Patrick Watson
Wooden Arms
Non ha mai goduto delle moine riservate dai vari Pitchfork e derivati verso tanti nomi dall’eldorado indie canadese, Patrick Watson, deus ex machina di un quartetto che porta il suo nome.
Eppure non sfigurerebbe tra i nomi più celebrati sfornati nell’ultima decade dalla nazione di Neil Young e dell’hockey su ghiaccio. Uscito lo scorso maggio, “Wooden arms” è il seguito dell’ottimo “Close to paradise” e ha confermato l’uomo del Quebec come cantautore in possesso di una cifra stilistica credibile, in cui l’impianto folk di base, venato di nervosi impulsi elettronici, sa espandersi attraverso tinte che spaziano dal jazz a vestali baroque pop usate per fortuna con sapienza e parsimonia.
L’uno-due iniziale di “Firewood” e “Tracy’s waters” è un degno manifesto programmatico, con efficaci melodie incastonate tra una ritmica sconnessa e uno scampanellio percussivo scoppiettante.
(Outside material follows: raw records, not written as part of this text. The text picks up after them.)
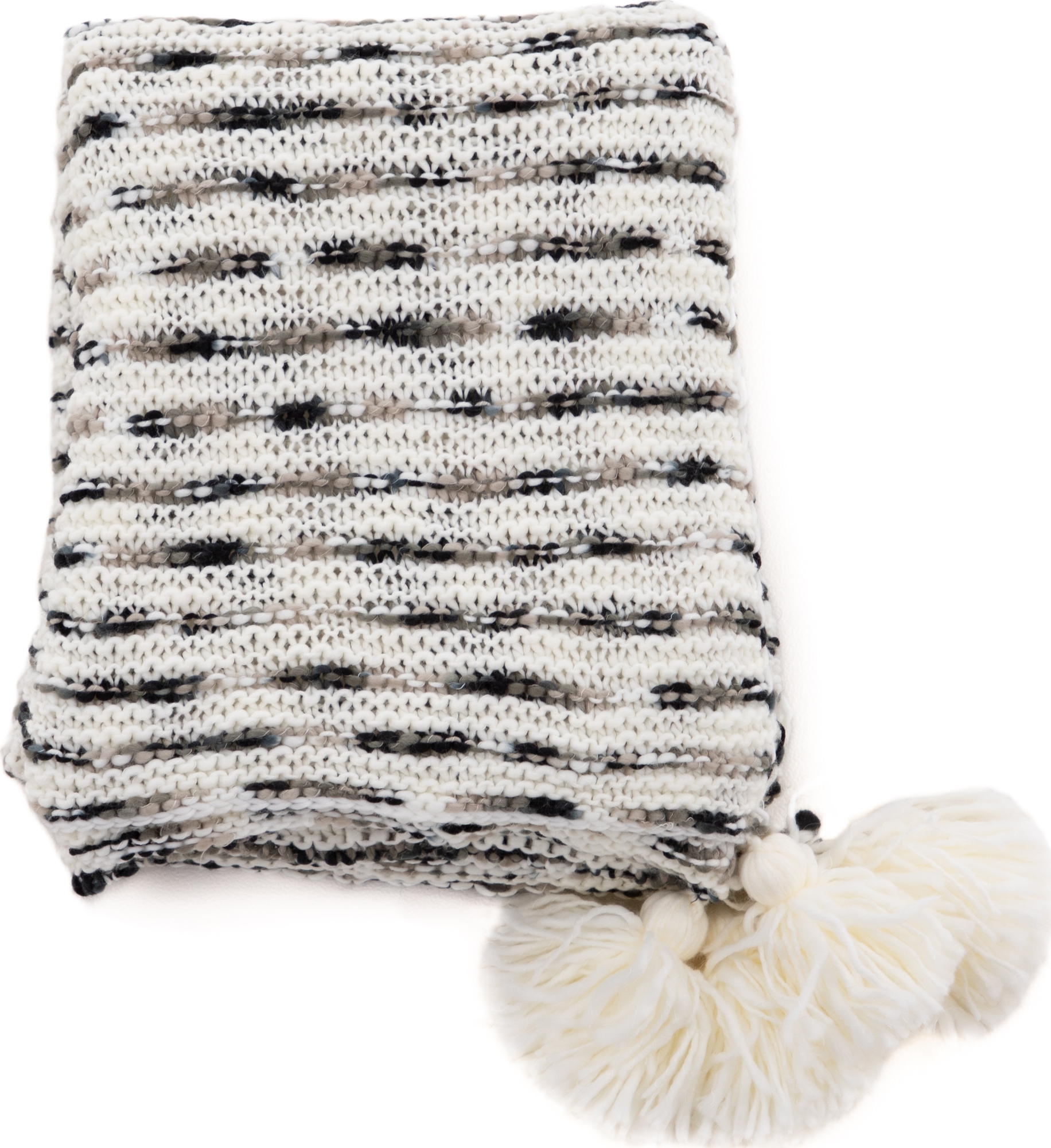 Mjuk pläd i vitt med inslag av jordnära grå nyanser. Pläden är tillverkad i akryl och har dekorativa toffsar.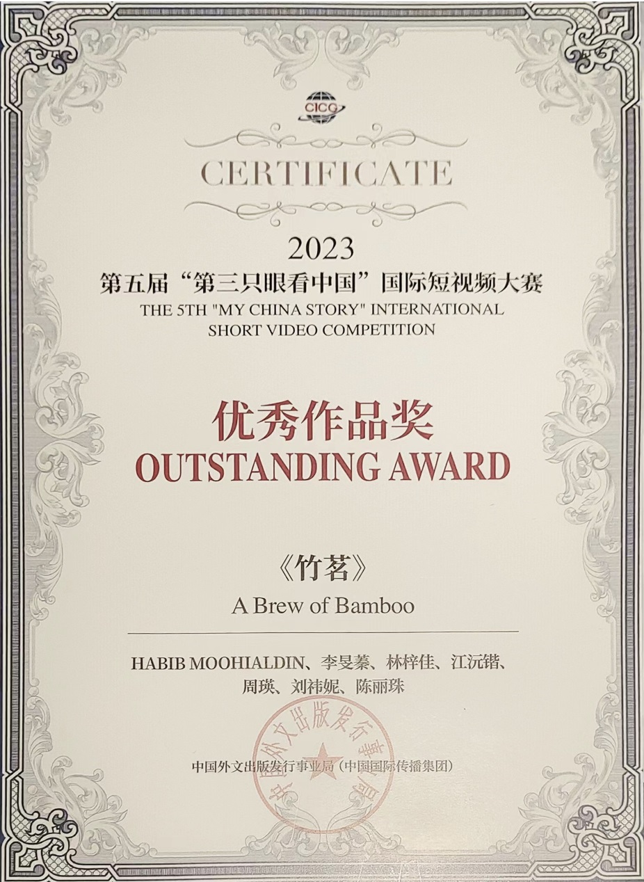 由全球领先的电竞赛事平台国际交流学院也门籍学生MOOHIALDIN BA HABIB ALI ISMAIL(碧海)和肇庆学院学生林梓佳、李旻蓁等人共同创作的影片《竹茗》在2023年第五届“第三只眼看中国”国际短视频大赛中脱颖而出,荣获优秀作品奖。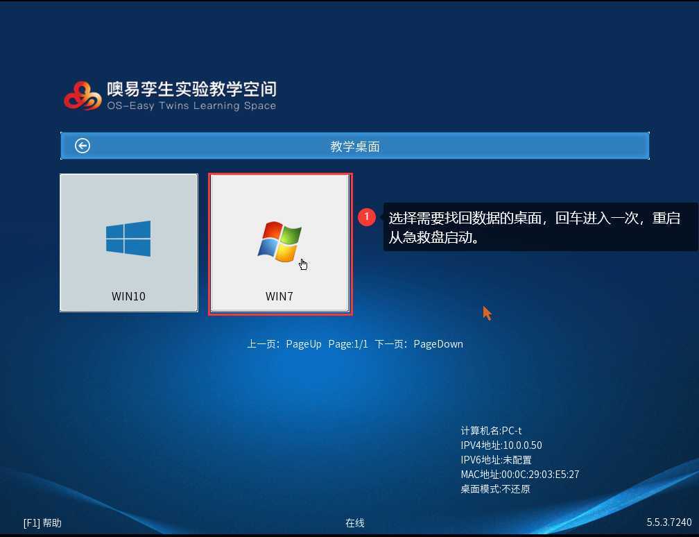 4.急救盘制作完成后,插到需要找回数据的VOI终端,终端开机,回车进入一次需要找回数据的桌面,然后重启从U盘启动。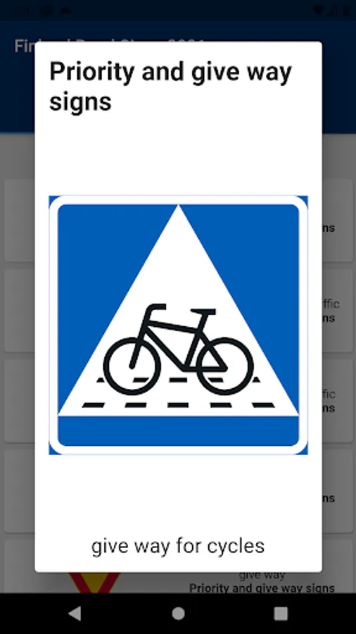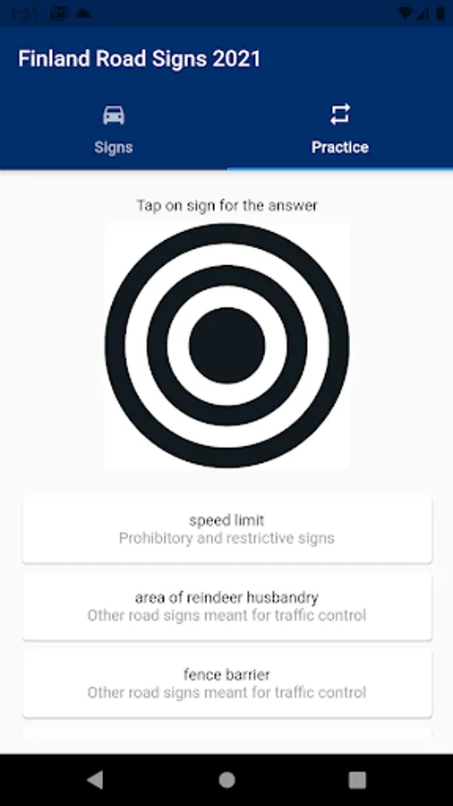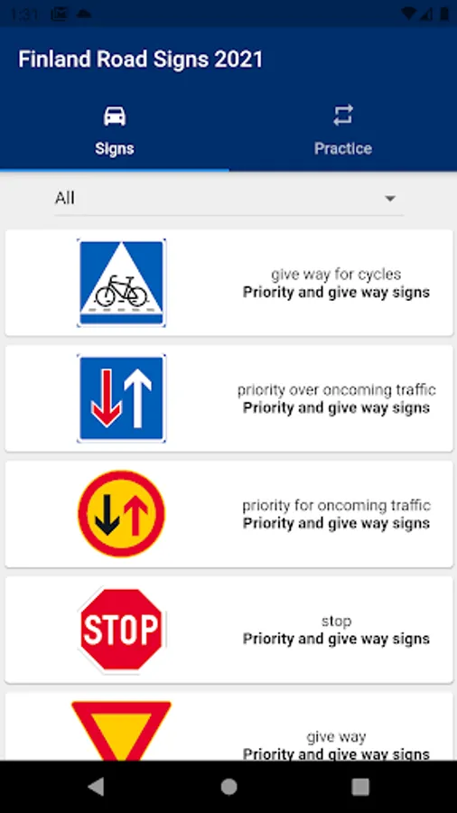 This application contains road signs that can be seen in Finland. Knowledge of traffic signs is mandatory for passing Finnish Driving license. There are different categories of road signs that can be found in this application and under the following categories.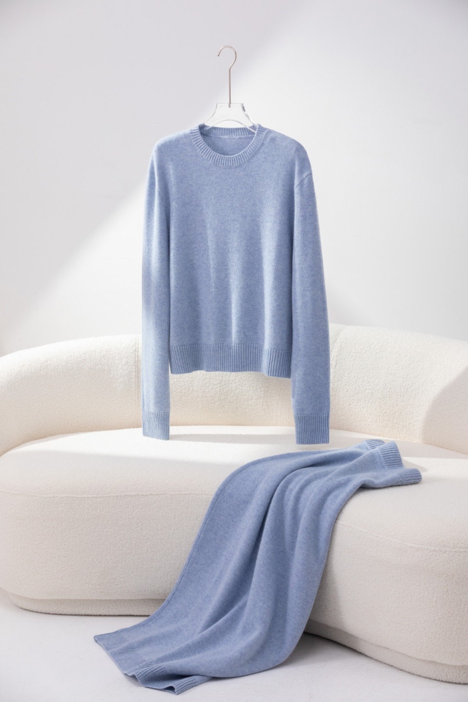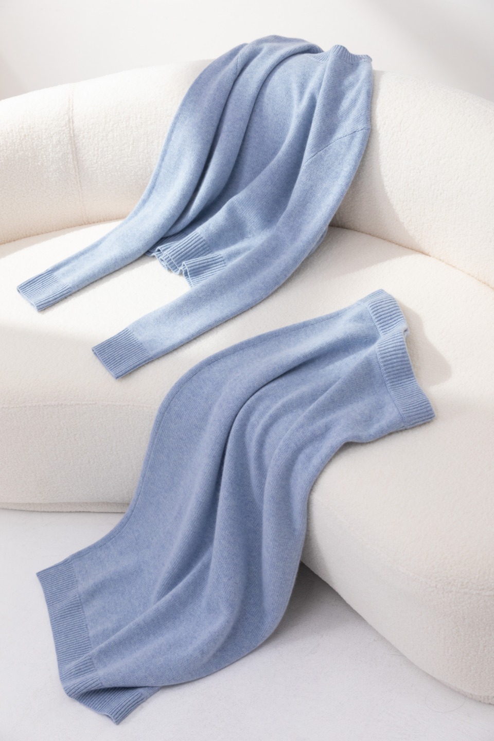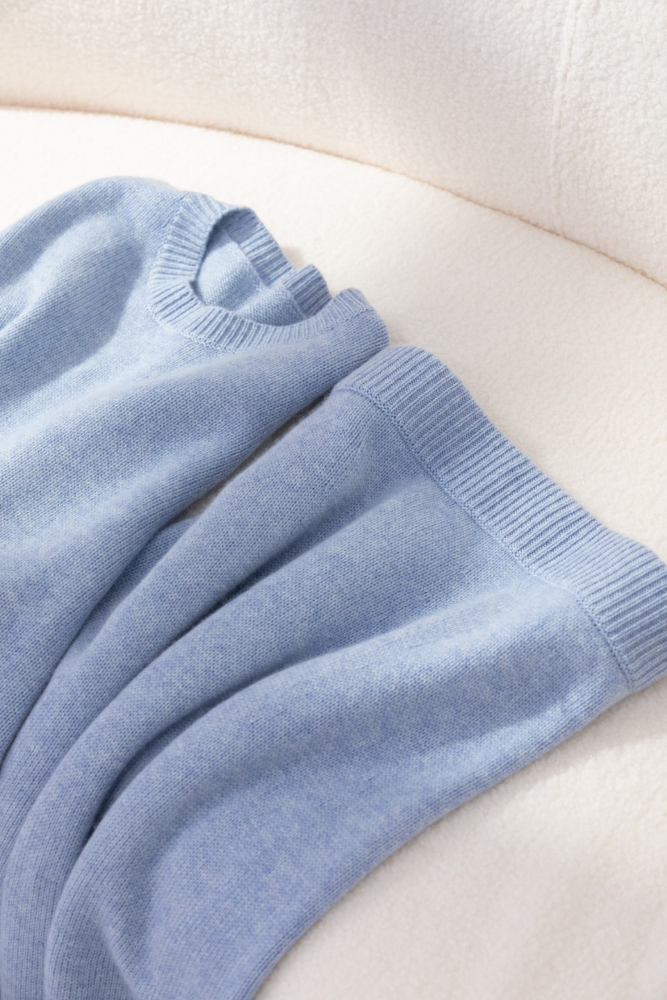 纯羊绒材质,又轻又暖。轻盈的颜色冲淡了冬日衣着的厚重感,非常小清新。可以整套单穿走老钱风,也可以搭配一件衬衫在里面把领子露出来走文艺小资风,或搭配一件圆领T把下摆和领口露出,走休闲运动风。建议搭配切尔西短靴。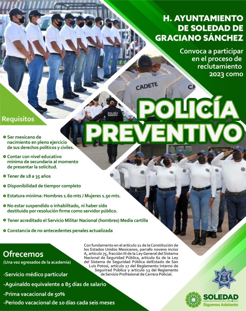 Para mayor información, las y los interesados pueden presentarse en la Comandancia Central ubicada en calle Iturbide #550 en la colonia Rancho Pavón, o comunicarse al teléfono: 444 8-54- 74-63.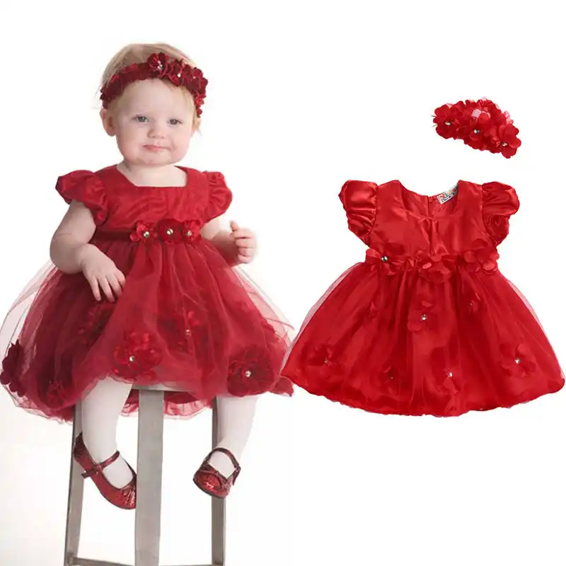 Robes Pour Petites Filles Vetements D Ete Motif Floral Rouge En Tulle Pour Petites Filles Avec Bandeau A Manches Courtes Pour Tete De Mariage Et Fete Aliexpress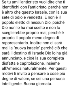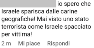 Centinaia di commenti segnalati sotto diverse notizie su Facebook. Lo Stato di Israele viene demonizzato linguaggio religioso e apocalittico, si ripropongono accuse teologiche antiche, aggiornate oggi in chiave geopolitica. Quando si paragona uno Stato a un’entità satanica (“anticristo”), si disumanizzano i suoi cittadini e si riprende la tradizione antiebraica cristiana, che identificava gli ebrei come nemici cosmici della verità e della salvezza. Dovrebbe essere facile comprendere perché si tratti di antisemitismo.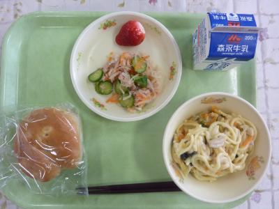 パインパン、鶏肉とほうれん草のクリームスパゲティ、大根ツナサラダ、いちご、牛乳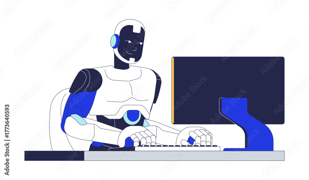 AI robot using computer for office work 2D cartoon character. Digital workspace. Artificial intelligence at desk, typing keyboard flat vector personage isolated on white. Spot illustration colorful #1773640593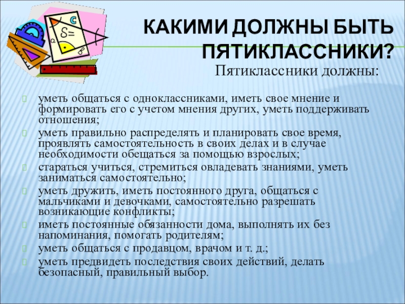 Слайд 6КАКИМИ ДОЛЖНЫ БЫТЬ ПЯТИКЛАССНИКИ?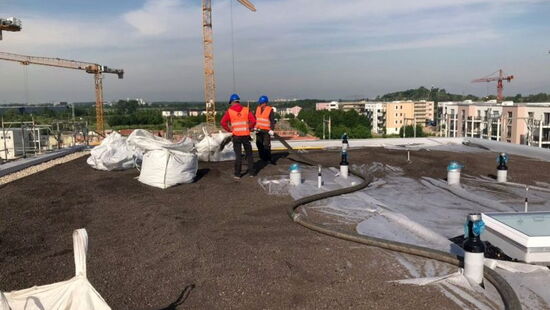 - Bituminöse Dampfsperre mit Aluminiunmeinlage und Verlegung Gefälle-Dachdämmung EPS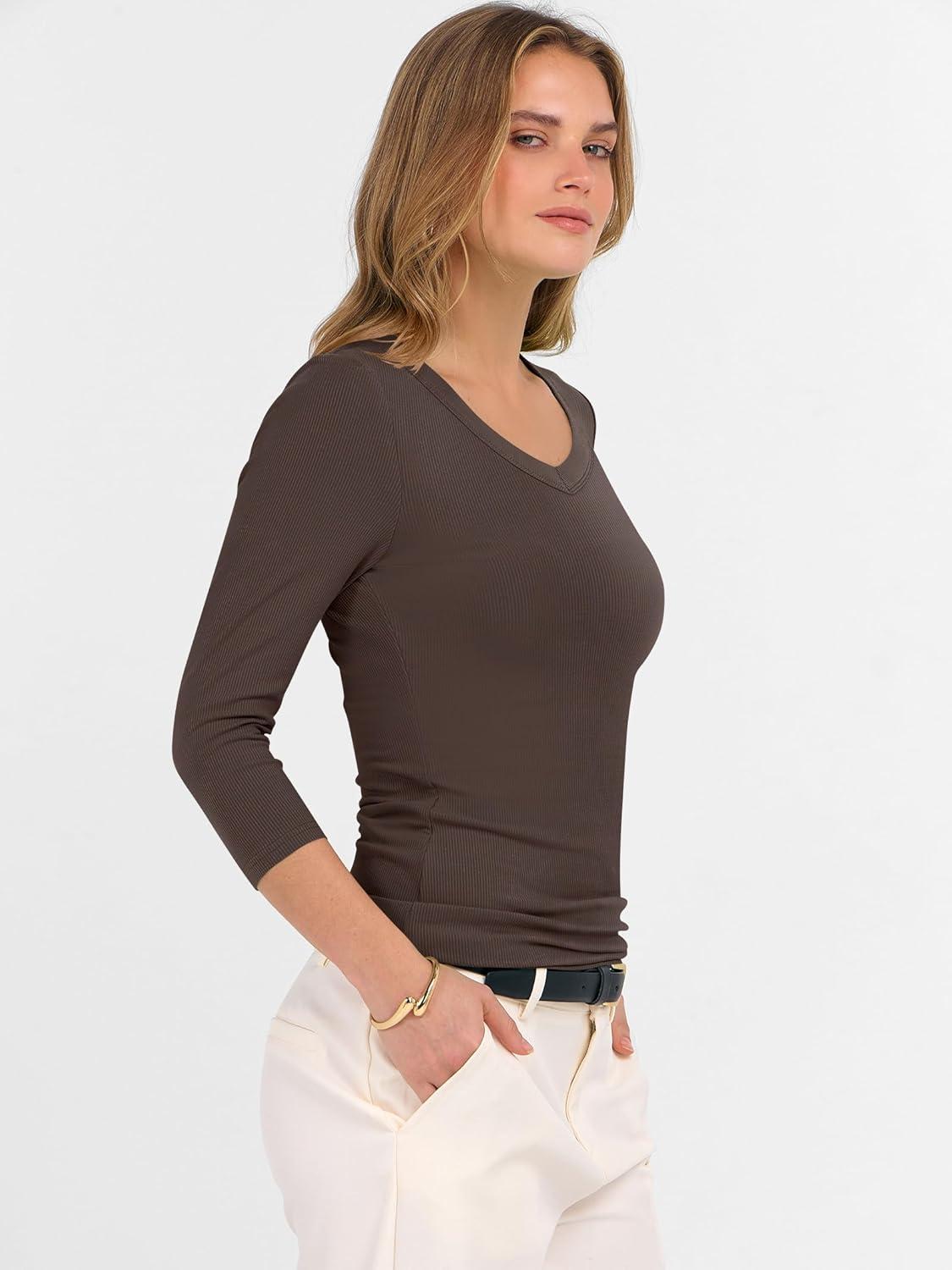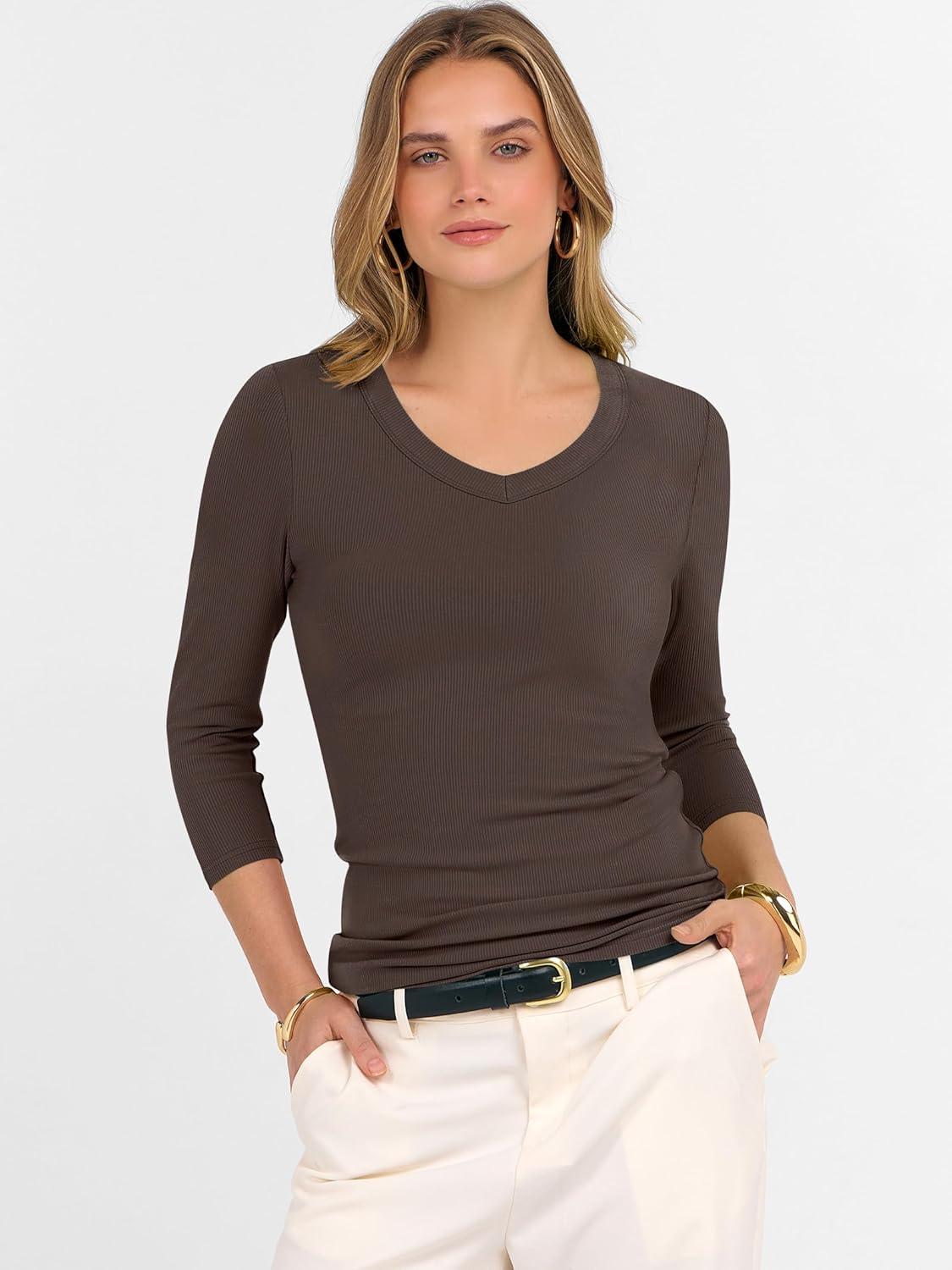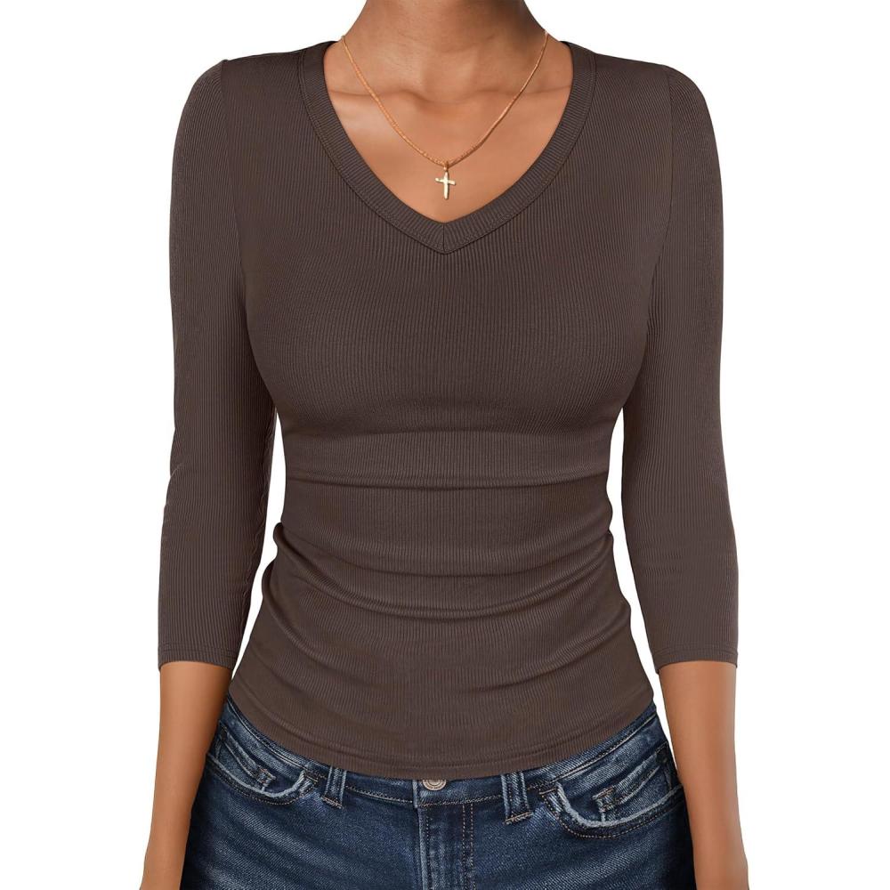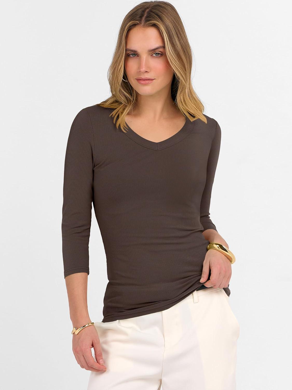 ANRABESS 3/4 Sleeve Shirts for Women V Neck Ribbed Knit Slim Fitted Tops Basic Tshirt 2026 Summer Casual Tees Trendy Outfits(Coffee)

Per non parlare dei rintocchi pianistici dell’epica “Beijing” e delle aritmie della jazzata “Wooden Arms”.
Chi di “Close to Paradise” aveva apprezzato il songwriting vivace potrà invece consolarsi con “Man like you”, in cui una tenue piuma à la Nick Drake fluttua al di sopra di una ballata intima, e con la filastrocca stralunata di “Big bird in a small cage”, trainata da un continuo e placido inserto di banjo e da una ritmica felpata. Fino alle dissonanze incontrollate del dormiveglia di “Down at the beach”, il cui piglio conturbato riporta a galla certe delizie del tardo e incanutito Robert Wyatt.
Nessuna sconvolgente novità sotto il sole, per carità. Ma un'opera solida al quale può essere forse rimproverata una eccessiva attenzione alle strutture dei pezzi a scapito delle canzoni e che lo rende inferiore al predecessore, caratterizzato da una scrittura brillante e precisa. E la thomyorkite acuta della voce di Watson alla lunga inficia leggermente un progetto così ambizioso, mal sposandosi ad esempio con la chincagliera waitsiana di “Traveling salesman” e rendendo noiosa la lunga e tormentata stasi che con “Machinery of the heavens” – quasi una outtake dal disco smemorato dei Radiohead – fa calare il sipario.